DATASET EXTRACT:

☆ ☆ ☆ ☆

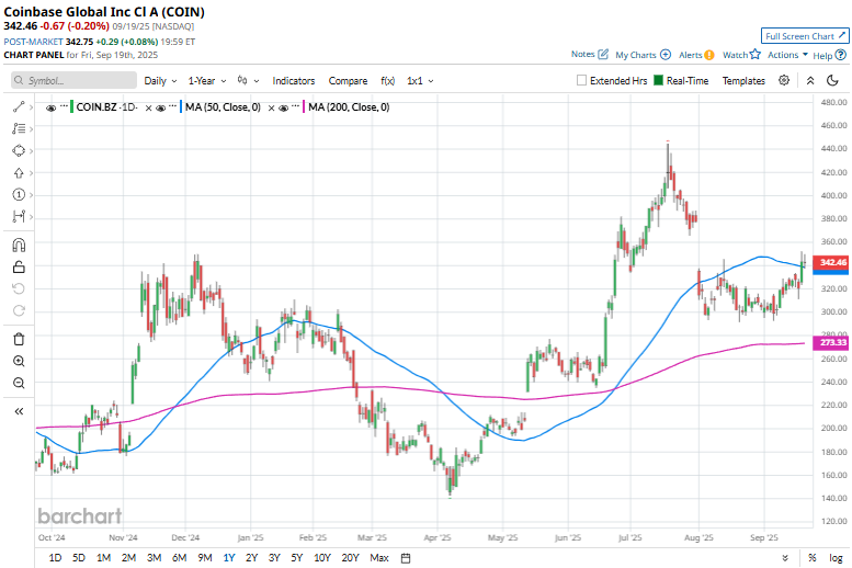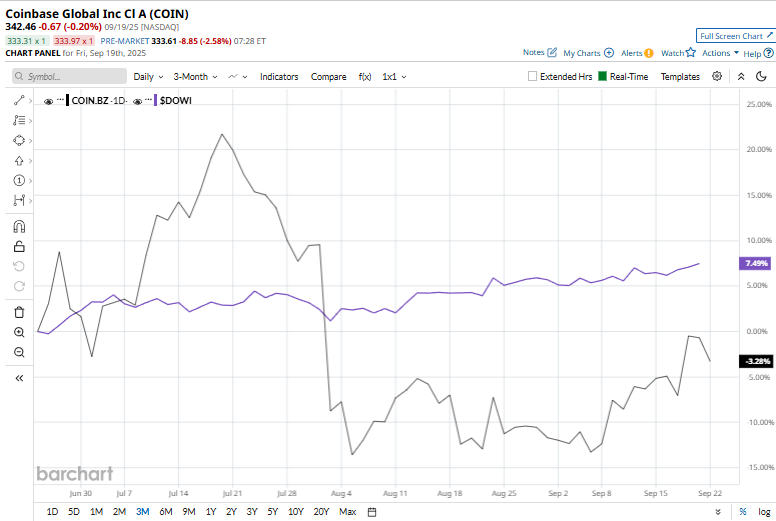 Despite its strengths, the stock has plunged 23% from its 52-week high of $444.64 touched on Jul. 18. Over the past three months, COIN stock has grown 16%, outperforming the S&P 500 Index ($SPX), which has returned 11.4% over the same time frame.
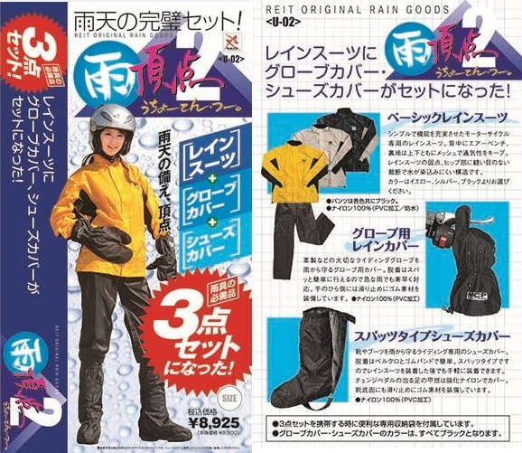 シンプルで機能を充実させたモーターサイクル専用のレインスーツ。
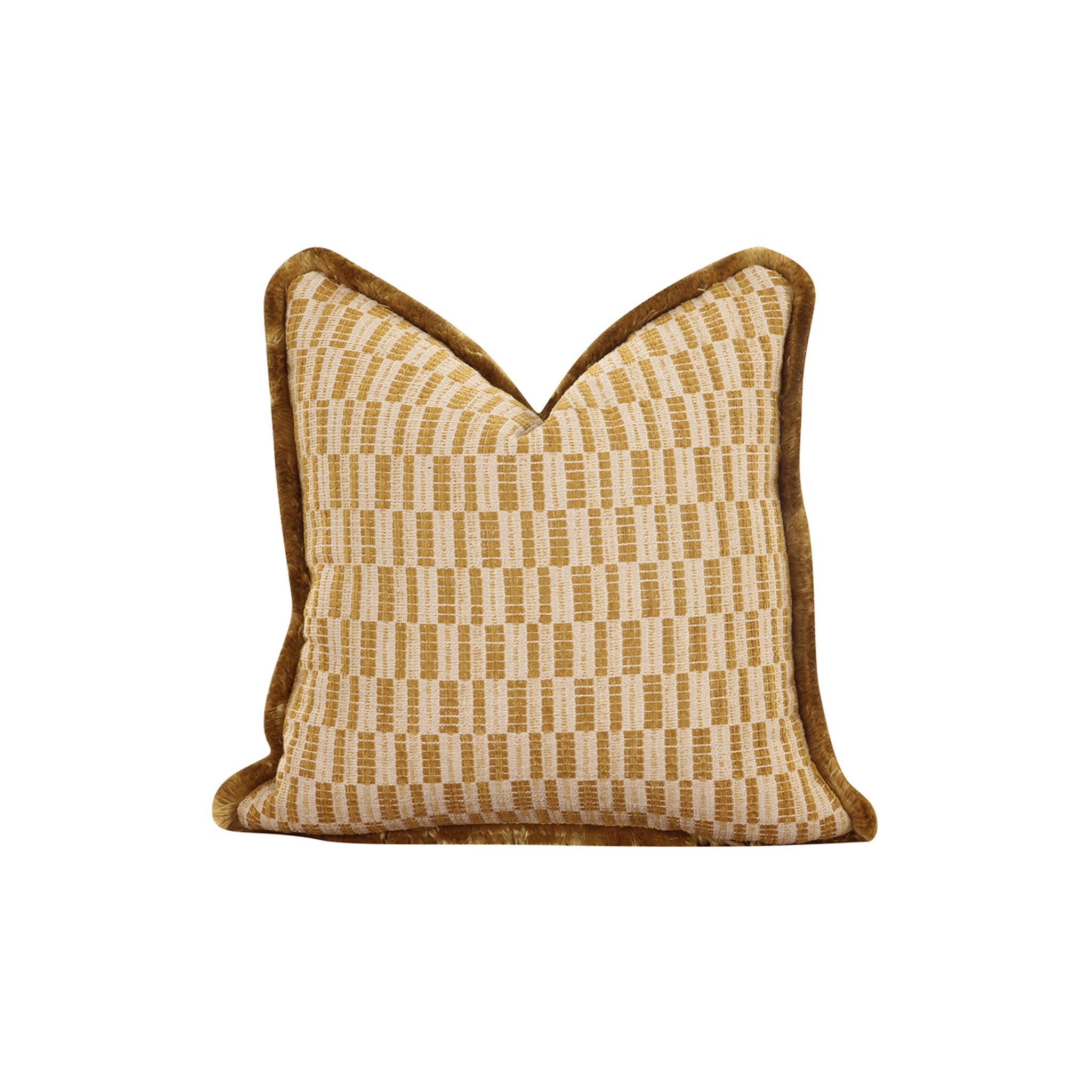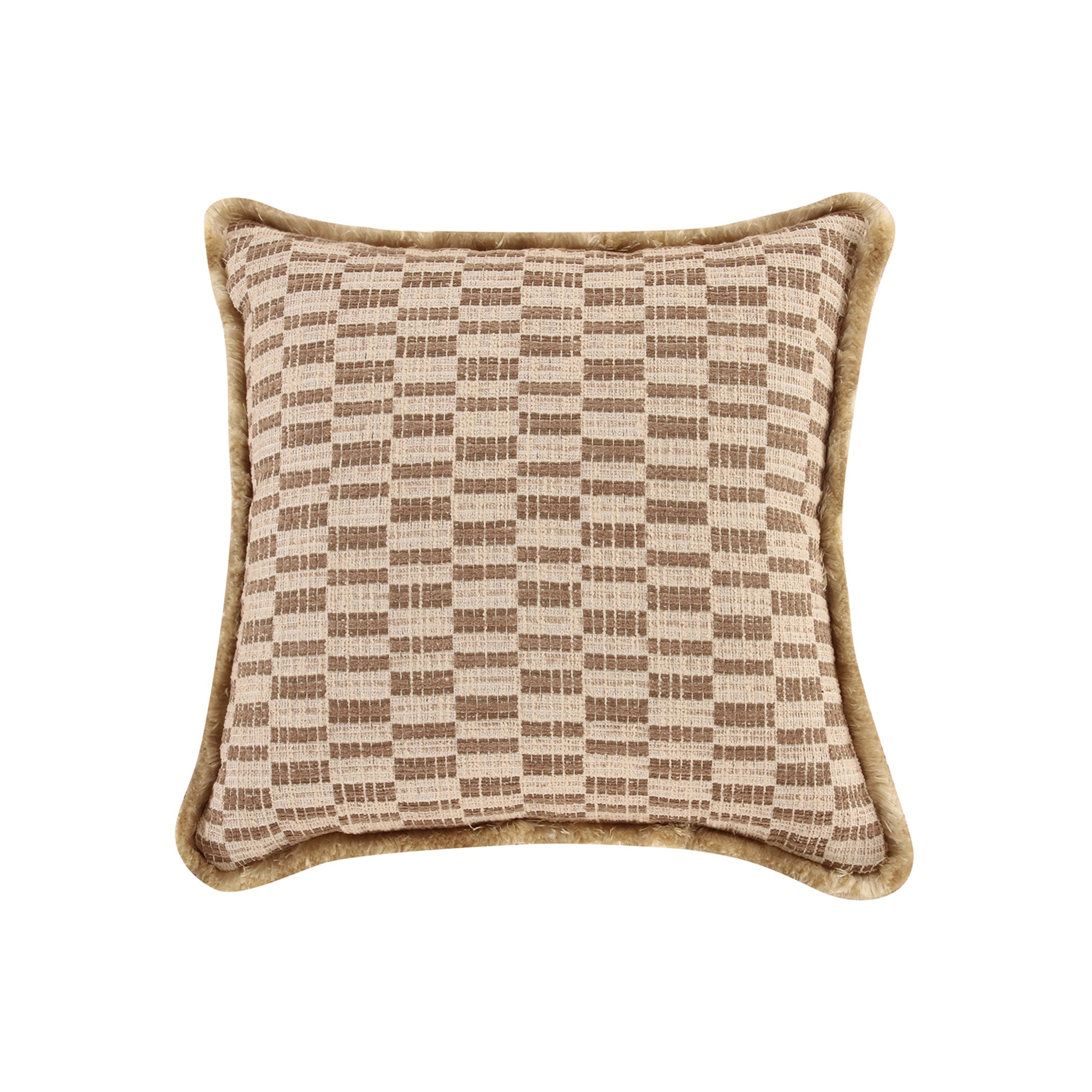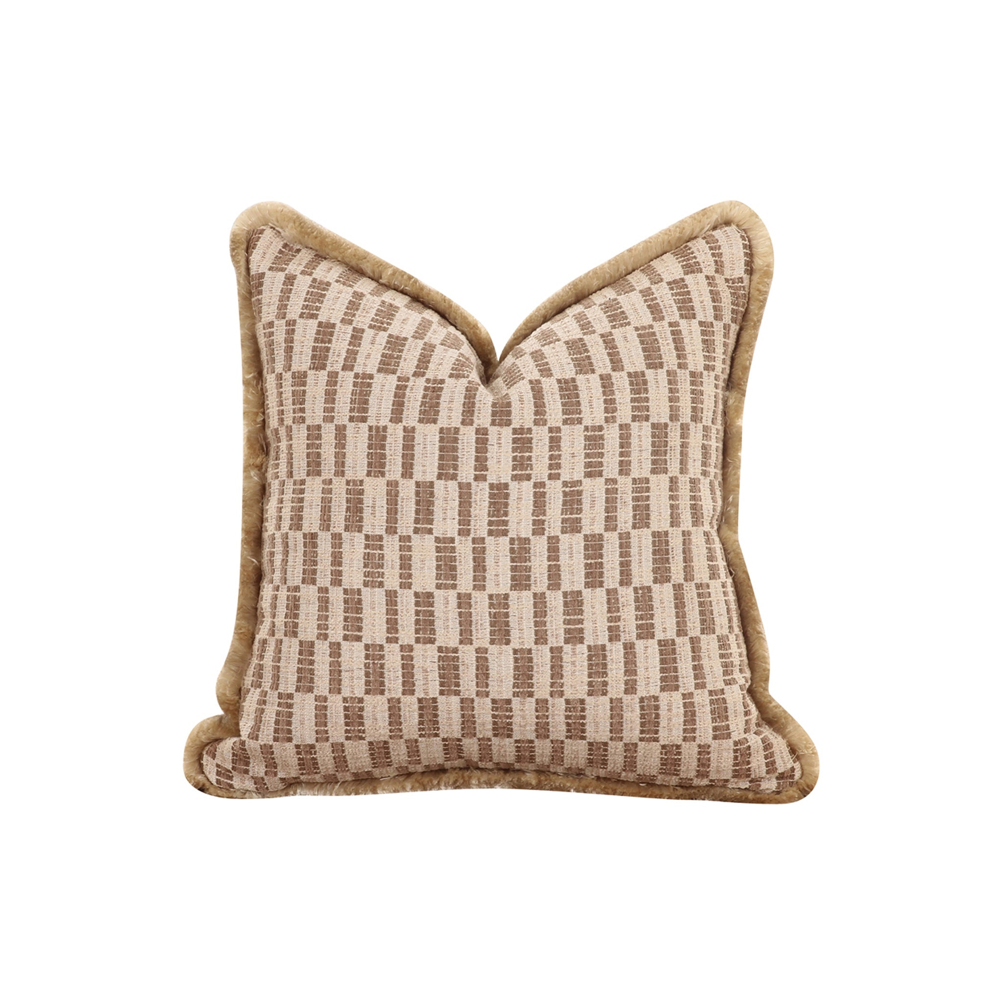 Le coussin Lionel allie charme vintage et modernité avec son imprimé géométrique audacieux d'un taupe éclatant. Soigneusement confectionné avec une bordure à franges dense, cet accessoire d'inspiration Art déco offre un confort optimal et un caractère durable.

☆ ☆ ☆ ☆

WORK INSTRUCTION: Could the material above be written out again word for word, with the pictures dropped?

SOLUTION FOR THIS TASK:
 Despite its strengths, the stock has plunged 23% from its 52-week high of $444.64 touched on Jul. 18. Over the past three months, COIN stock has grown 16%, outperforming the S&P 500 Index ($SPX), which has returned 11.4% over the same time frame.
 シンプルで機能を充実させたモーターサイクル専用のレインスーツ。
 Le coussin Lionel allie charme vintage et modernité avec son imprimé géométrique audacieux d'un taupe éclatant. Soigneusement confectionné avec une bordure à franges dense, cet accessoire d'inspiration Art déco offre un confort optimal et un caractère durable.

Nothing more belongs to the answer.